▶ Records from a data source
--- START ---
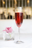 Ładny kieliszek różowego szampana i butelkę z tyłu
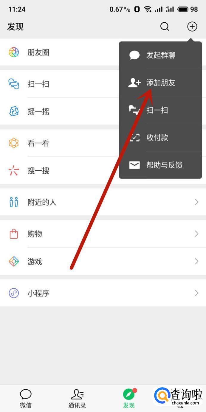 在微信发现页面,点击图示位置的“添加朋友”。
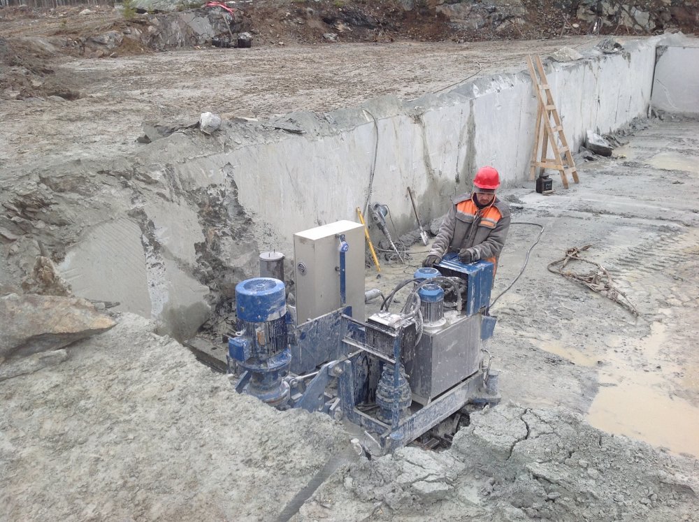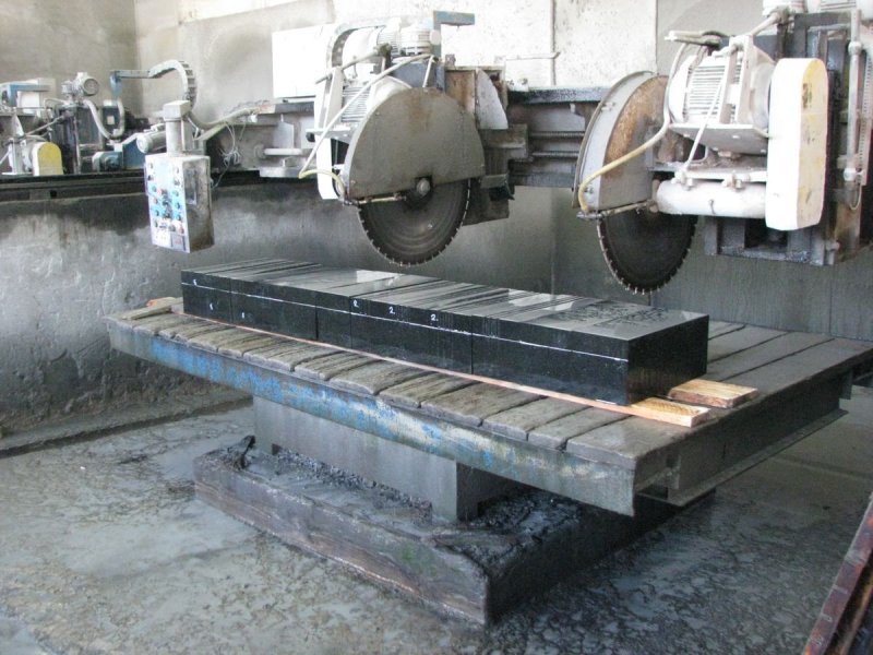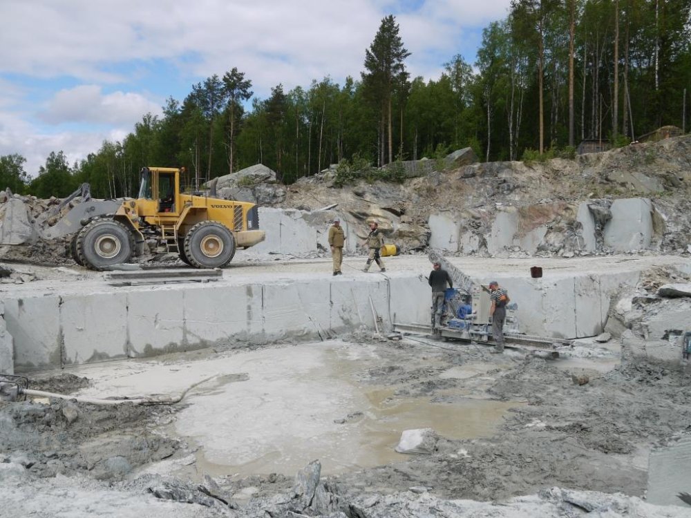 Добыча камня производиться способом выпиливания.Производство в черте города
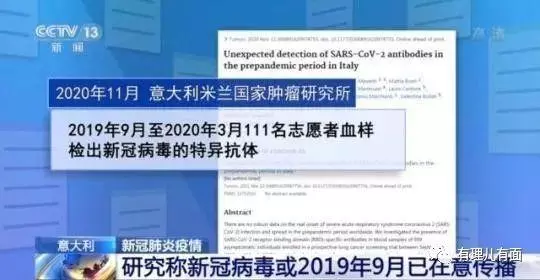 根据英国《镜报》和美国《华盛顿邮报》报道,意大利研究人员去年11月的一项研究,对959名接受过肺癌筛查的人的血液样本检测,其中发现111人的新冠病毒抗体检测结果呈阳性。而该批人群最早的样本采集时间是2019年10月第一周。2019年10月已经有新冠抗体了,说明这批意大利居民最少在2019年9月就已感染。
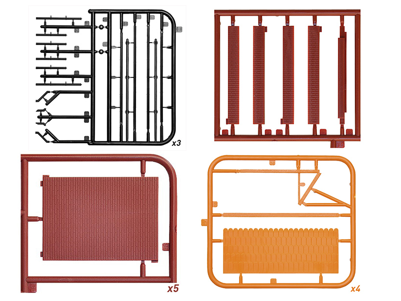 Набор содержит пластиковые детали 6 цветов и может быть собран без покраски.
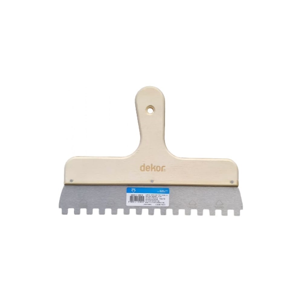 Зубчатый шпатель DEKOR HASSAN 40см с деревянной изогнутой ручкой, зуб 8х8мм 1442, подойдет для нанесения на поверхность клеевых составов и смесей. Деревянная рукоять надежно удерживает полотно благодаря дополнительному крепежу. Он исключает вылет полотна из рукояти, что повышает удобство и надежность. Полотно сделано из обычной стали.
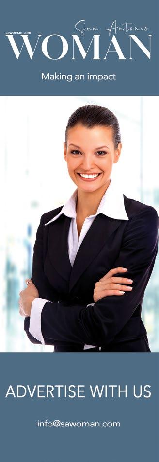 SAN ANTONIO (210) 805-0171 BOERNE (210) 739-1818 AUSTIN (512) 549-2246 EMPOWERING WOMEN 554255_SATXWomensMag_3pt375x9pt875.indd 2 2/29/24 4:45 PM March/April 2024 85
--- END ---
▶ What the task requires
Copy the data exactly. Any picture it contains is to be omitted.

▶ Solution
 Ładny kieliszek różowego szampana i butelkę z tyłu
 在微信发现页面,点击图示位置的“添加朋友”。
 Добыча камня производиться способом выпиливания.Производство в черте города
 根据英国《镜报》和美国《华盛顿邮报》报道,意大利研究人员去年11月的一项研究,对959名接受过肺癌筛查的人的血液样本检测,其中发现111人的新冠病毒抗体检测结果呈阳性。而该批人群最早的样本采集时间是2019年10月第一周。2019年10月已经有新冠抗体了,说明这批意大利居民最少在2019年9月就已感染。
 Набор содержит пластиковые детали 6 цветов и может быть собран без покраски.
 Зубчатый шпатель DEKOR HASSAN 40см с деревянной изогнутой ручкой, зуб 8х8мм 1442, подойдет для нанесения на поверхность клеевых составов и смесей. Деревянная рукоять надежно удерживает полотно благодаря дополнительному крепежу. Он исключает вылет полотна из рукояти, что повышает удобство и надежность. Полотно сделано из обычной стали.
 SAN ANTONIO (210) 805-0171 BOERNE (210) 739-1818 AUSTIN (512) 549-2246 EMPOWERING WOMEN 554255_SATXWomensMag_3pt375x9pt875.indd 2 2/29/24 4:45 PM March/April 2024 85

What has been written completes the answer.